If you log in under an X display manager (xdm, gdm, kdm, …), whether ~/.profile is run depends how your display manager and perhaps desktop environment were configured by your distribution. If you log in under a “custom session”, that usually executes ~/.xsession.

~/.bashrc is the right place for bash-specific settings, such as aliases, functions, shell options and prompts.
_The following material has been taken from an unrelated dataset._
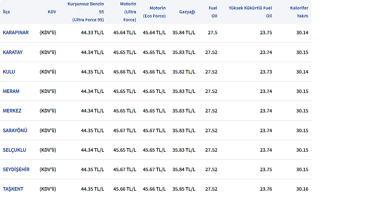 KONYA'DA GÜNCEL AKARYAKIT FİYATLARI

As the name indicates, it is specific to bash; csh has ~/.cshrc, ksh has ~/.kshrc, and zsh has <drumroll> ~/.zshrc.

See also:

  • Difference between .bashrc and .bash_profile
  • Which setup files should be used for setting up environment variables with bash?
  • Zsh not hitting ~/.profile

There is no common file, but you can make every shell read from a common file.

  1. bash reads from .bash_profile or .bashrc
  2. zsh reads from .zprofile and .zshrc
  3. ksh reads from .profile or $ENV

So here’s what I do:

~/.env

# Put environment variables here, e.g.
PATH=$PATH:$HOME/bin

~/.shrc

test -f "$HOME/.env" && . "$HOME/.env"

# Put interactive shell setup here, e.g.
alias ll="ls -l"
PS1='$PWD$ '
set -o emacs

~/.bashrc

test -f ~/.shrc && source ~/.shrc

# Put any bash-specific settings here, e.g.
HISTFILE=~/.bash_history
shopt -s extglob
IGNOREEOF=yes

~/.zshenv

# Put any zsh-specific settings for non-interactive and interactive sessions, e.g.
setopt braceexpand
setopt promptsubst
setopt shwordsplit

~/.zshrc

test -f ~/.shrc && source ~/.shrc

# Put any zsh-specific interactive settings here, e.g.
HISTFILE=~/.zsh_history
setopt ignoreeof

~/.profile

# Interactive sub-shells source .env, unless this is bash or zsh,
# because they already sourced .env in .bashrc or .zshrc.
if test -z "$BASH_VERSION" -a -z "$ZSH_VERSION" || test -n "$BASH_VERSION" -a ( "${BASH##*/}" = "sh" )
then
    test -f "$HOME"/.env && . "$HOME"/.env
fi

# The name is confusing, but $ENV is ksh's config file for interactive sessions,
# so it's equivalent to .bashrc or .zshrc.
# Putting this here makes running an interactive ksh from any login shell work.
test -f "$HOME"/.shrc && export ENV="$HOME"/.shrc

# Put any login shell specific commands here, e.g.
ssh-add
stty -ixon

~/.bash_profile

source ~/.bashrc
source ~/.profile

~/.zlogin

# zsh sources .zshrc automatically, only need to source .profile
source ~/.profile

~/.zprofile

(empty)

If you have root access to the system, another way is to set up pam_env.

You can put

session optional pam_env.so user_envfile=.env

in the relevant /etc/pam.d file (e.g. /etc/pam.d/common-session on Debian), and then when the user logs in, PAM will read environment variables from ~/.env.

Note that pam_env basically only supports VAR=value entries.